5) Visualize the results

In the following, we would like to plot the evolution of the MCMC chain and the trees that were sampled. First, we convert the data from the serialized format to a pureMCMCdata format. This is a simple data class that contains the trees and the log probabilities of the trees.

# unpack the data - reads in the serialized trees to Tree objects
# takes some time as tree objects are built and checked for validity
mcmc_samples = yg.analyze.to_pure_mcmc_data(mcmc_data)

Now, we may plot it.

plt.plot(mcmc_samples.iterations, mcmc_samples.log_probabilities)
plt.xlabel("Iteration")
plt.ylabel("Log-probability")
plt.grid()
plt.show()

The evolution of the log-probability of the trees over the MCMC iterations.
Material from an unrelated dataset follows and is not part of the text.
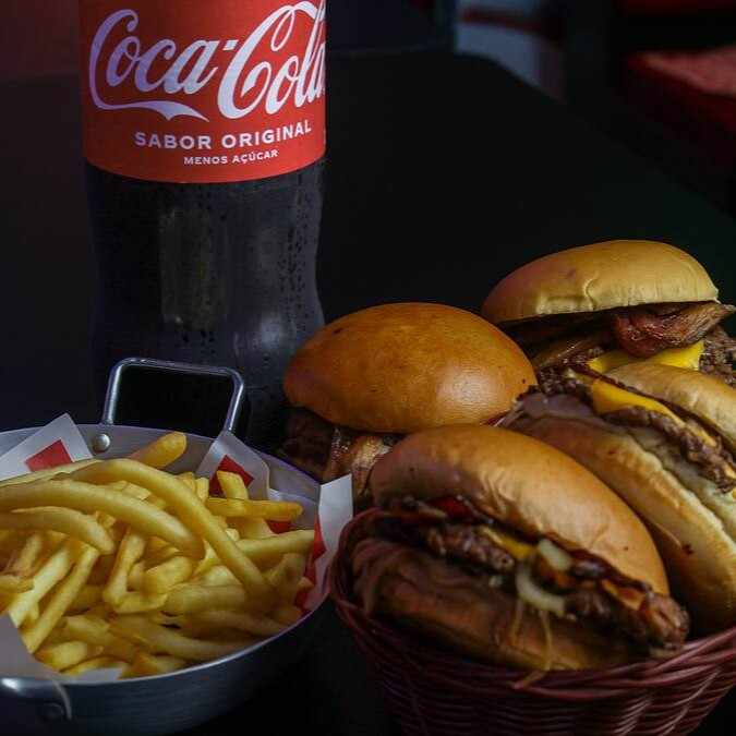 Escolha entre nossos Burgers Mais queridinhos da casa, juntamente com os nossos Complementos + 2 Peck de Fritas + Refri 600 Ml + 2 Burger
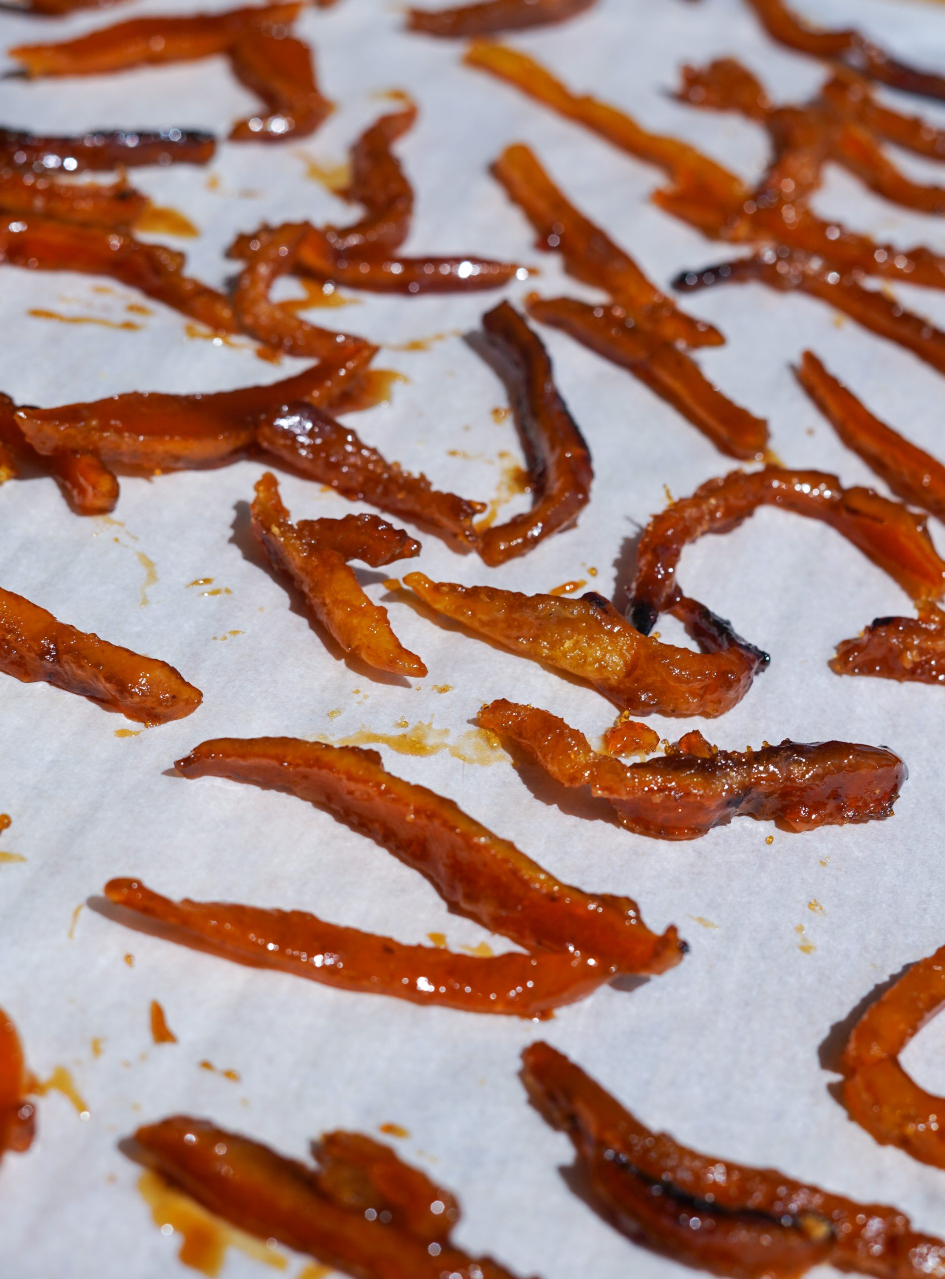 Transfer the peels to a parchment paper-lined baking sheet, and allow to cool for 4 hours. You can store the candied citrus peel for up to a month in a cool, dry place on your countertop.

The log-probability quickly improved ! Seem like we have sampled a quicke good tree most of the time.

Let’s have a look at the last tree in the chain. The last tree appears to have a high log-probability.

# get last tree
last_tree = mcmc_samples.trees[-1]
# print topology
last_tree.print_topo()
4
├── 0
├── 2
│   └── 1
└── 3

Is it perhaps the true tree?

# compare the true tree to the last tree
yg.compare_trees(last_tree, true_tree)
True

Now note that the last tree does not need to be a good tree. SCITE is just likely to spend more iterations exploring more likely trees. Here, the last tree just turns out to be a tree with the highest log-probability.

To acutally retrive a mutation tree from the posterior one would have to make a point estimate Maximum A Posteriori (MAP) tree, i.e. sampled the most times. See SCITE paper for details.